The two “faces” of the Intellect, one turned towards God and the other towards the world, are indicated in the saying of the Prophet: “The first thing that God created was the Intellect (al- ‘aql). He said to it: receive (or: turn towards Me, iqbal), and it received; then He said to it: transmit (or: turn away, idbar), and it transmitted.” The following saying of the Prophet also refers to the Intellect, symbolized by the supreme Calamus (al-qalam al-a‘lā): “The first thing that God created was the Calamus. He said to it: Write! It replied: what shall I write? Write, said God, My knowledge of My creation until the day of resurrection.” From this it results that the Intellect is created in so far as it is a cosmic instrument, while the science that it transcribes—or the knowledge that it refracts—is divine in essence.

Thus, the First Intellect is the universal Mediator, and it is with this that the Prophet is identified by the very secret of his function: “In whom rise up the realities, and into whom descended the sciences of Adam.”

The First Intellect is to the whole cosmos what the reflected intellect is to man. Thus, the man whose intimate consciousness is the First Intellect itself, is both a man and total cosmic being; his heart is the heart of the universe, and all the elements of the cosmos are like modalities, not of his individual nature, but of his intellectual and universal nature; he is “Universal Man” (al-insān al-kāmil). It is in him that the realities (haqā’iq) “rise up” by the reintegration of all things in Unity, a reintegration perpetually operated by the Intellect, and it is in him too that the realities “descend” by the reflection .of universal truths in the human mind: according to the Qur’ān, God taught Adam the “names” of all things (2:31).

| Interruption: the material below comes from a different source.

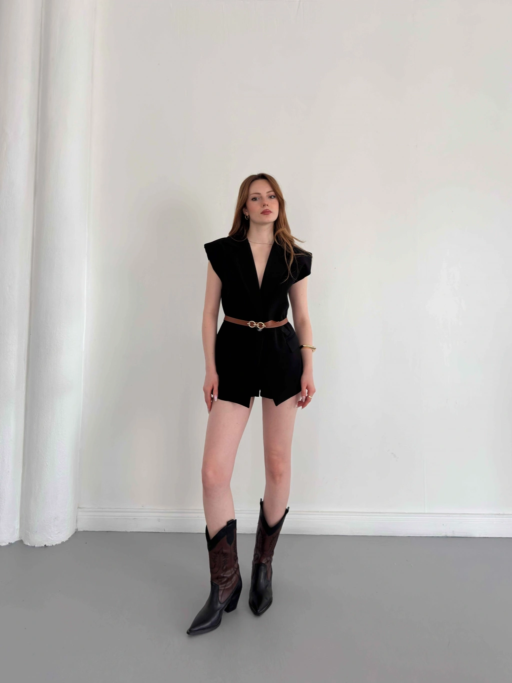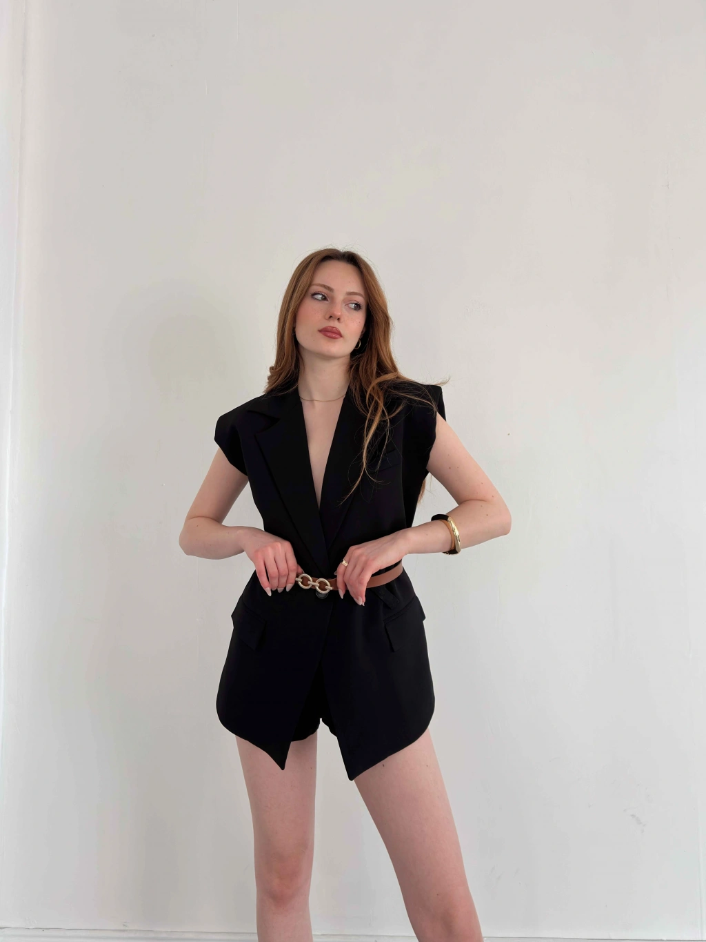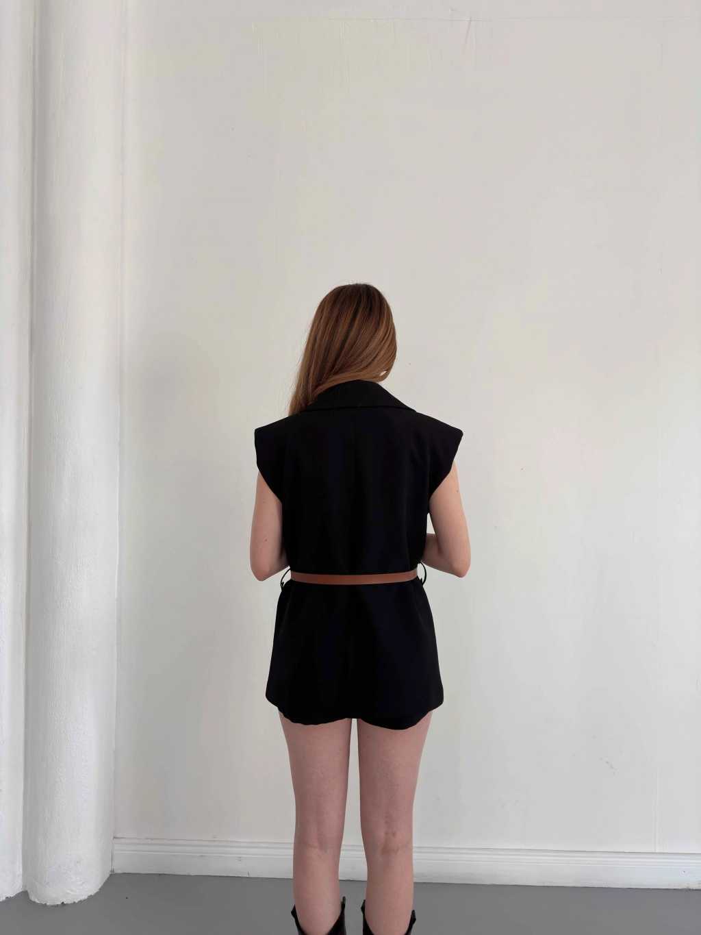 Kemer Detaylı Kruvaze Yaka Yelek Siyah

“So that he hath made powerless all creatures, and understandings are diminished in his regard, and so that no one amongst us, neither predecessor nor successor, can grasp him.”

The Whole causes its part to be powerless, in the sense that the part can never embrace the whole. The same is true of “Universal Man” who, according to this perspective, is none other than Muhammad: Muhammad, as the last of the prophets in time and the “seal” of the prophetic function, represents—by virtue of the inverse analogy between Heaven and Earth—the most complete earthly manifestation of the Universal Mediator, the First Intellect; in the other religions the pre-excellence of the respective founder has as its basis some other metaphysical relationship, such as “Incarnation” or “Illumination”.[8]

“The gardens of the spiritual world (al-malakūt) are adorned with the flower of his beauty, and the pools of the world of omnipotence (al-jabarūt) overflow with the outpouring of his lights.”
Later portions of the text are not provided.